Die Berufungsschrift und die Berufungsbegründungsschrift sollen möglichst dreifach eingereicht werden. Im Fall der Einreichung als elektronisches Dokument bedarf es keiner Abschriften.

Beschluss

Der Streitwert wird auf die Wertstufe bis 13.000,00 Euro festgesetzt.

Gründe:

Die Festsetzung des Streitwertes beruht auf § 52 Abs. 1 Gerichtskostengesetz (GKG) in Verbindung mit Nr. 10.4 des Streitwertkatalogs für die Verwaltungsgerichtsbarkeit. Dabei ist der zweifache Jahresbetrag der Differenz zwischen den Stufen 3 und 5 des Anfangsgrundgehalts des Klägers (Besoldungsgruppe R 1) berücksichtigt worden.

Rechtsmittelbelehrung:

Gegen den Streitwertbeschluss kann schriftlich oder zur Niederschrift des Urkundsbeamten der Geschäftsstelle bei dem Verwaltungsgericht Düsseldorf (Bastionstraße 39, 40213 Düsseldorf oder Postfach 20 08 60, 40105 Düsseldorf) Beschwerde eingelegt werden, über die das Oberverwaltungsgericht für das Land Nordrhein-Westfalen in Münster entscheidet, falls ihr nicht abgeholfen wird.

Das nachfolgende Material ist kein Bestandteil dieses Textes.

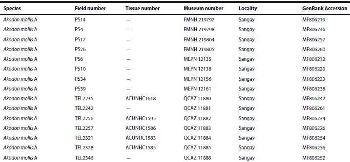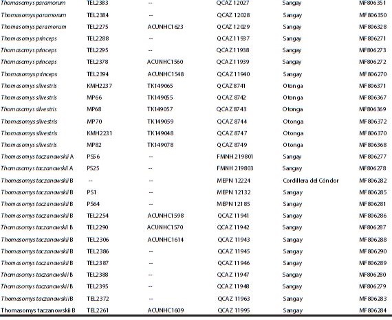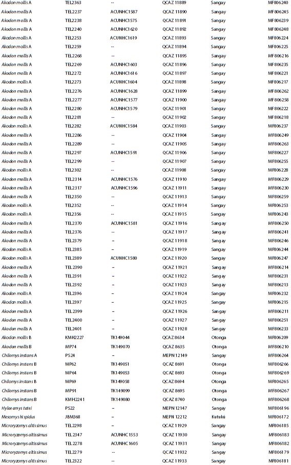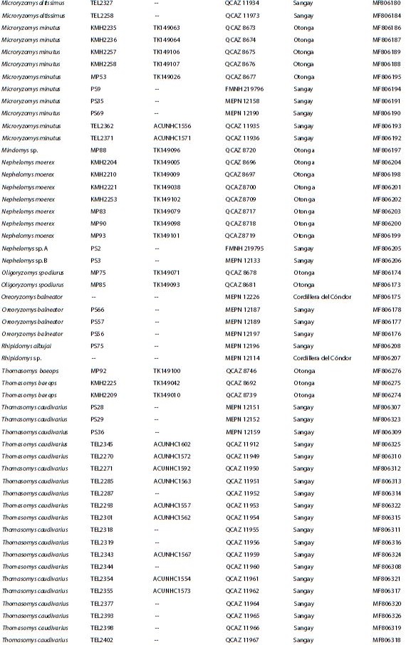 Sampling. We used selected samples of 21 species of rodents, primarily identified on the basis of morphological characters, collected in two Andean forests: Otonga, a private forest reserve located in the western slopes of the Andes in the province of Cotopaxi in northern Ecuador (Jarrín 2001), and Sangay National Park located in the eastern slopes of the Andes in the provinces of Chimborazo, Morona Santiago and Tungurahua in south-central Ecuador (Armstrong and Macey 1979; Fonseca et al. 2003; Figure 1). Three different field parties collected voucher specimens with tissues during 2006 in Otonga, and during 2010 and 2012 in Sangay. Morphological identifications of all specimens were conducted using specialized taxonomic literature (e. g., Carleton and Musser 1989; Weksler 2006; Patton et al. 2015), and by side-by-side comparisons with voucher specimens from the following collections: Abilene Christian University (ACUNHC) in Abilene, Texas, USA; American Museum of Natural History (AMNH) in New York, New York, USA; Escuela Politécnica Nacional (MEPN) in Quito, Ecuador; Museo Ecuatoriano de Ciencias Naturales (MECN) in Quito, Ecuador; National Museum of Natural History (NMNH) in Washington DC, USA; and Pontificia Universidad Católica del Ecuador (QCAZ) in Quito, Ecuador. Some previous findings of the mammals collected by these parties have been reported elsewhere (Lee et al. 2011; Helgen et al. 2013; Ojala-Barbour et al. 2013; Brito and Ojala-Barbour 2014; Brito et al. 2014; Brito et al. 2017). Examined specimens are housed at different mammal collections as indicated in Appendix 1.

Die Beschwerde kann auch als elektronisches Dokument nach Maßgabe des § 55a VwGO und der Verordnung über die technischen Rahmenbedingungen des elektronischen Rechtsverkehrs und über das besondere elektronische Behördenpostfach (Elektronischer Rechtsverkehr-Verordnung - ERVV) oder zu Protokoll der Geschäftsstelle eingelegt werden; § 129a der Zivilprozessordnung gilt entsprechend.

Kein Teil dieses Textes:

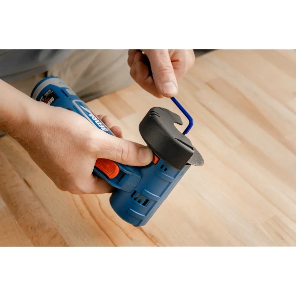 - Przed wymianą tarczy wyjmij akumulator i użyj dołączonego klucza imbusowego.

Die Beschwerde ist nur zulässig, wenn sie innerhalb von sechs Monaten eingelegt wird, nachdem die Entscheidung in der Hauptsache Rechtskraft erlangt oder das Verfahren sich anderweitig erledigt hat; ist der Streitwert später als einen Monat vor Ablauf dieser Frist festgesetzt worden, so kann sie noch innerhalb eines Monats nach Zustellung oder formloser Mitteilung des Festsetzungsbeschlusses eingelegt werden.

Die Beschwerde ist nicht gegeben, wenn der Wert des Beschwerdegegenstandes 200,-- Euro nicht übersteigt.

Die Beschwerdeschrift soll möglichst dreifach eingereicht werden. Im Fall der Einreichung als elektronisches Dokument bedarf es keiner Abschriften.

War der Beschwerdeführer ohne sein Verschulden verhindert, die Frist einzuhalten, ist ihm auf Antrag von dem Gericht, das über die Beschwerde zu entscheiden hat, Wiedereinsetzung in den vorigen Stand zu gewähren, wenn er die Beschwerde binnen zwei Wochen nach der Beseitigung des Hindernisses einlegt und die Tatsachen, welche die Wiedereinsetzung begründen, glaubhaft macht. Nach Ablauf eines Jahres, von dem Ende der versäumten Frist angerechnet, kann die Wiedereinsetzung nicht mehr beantragt werden.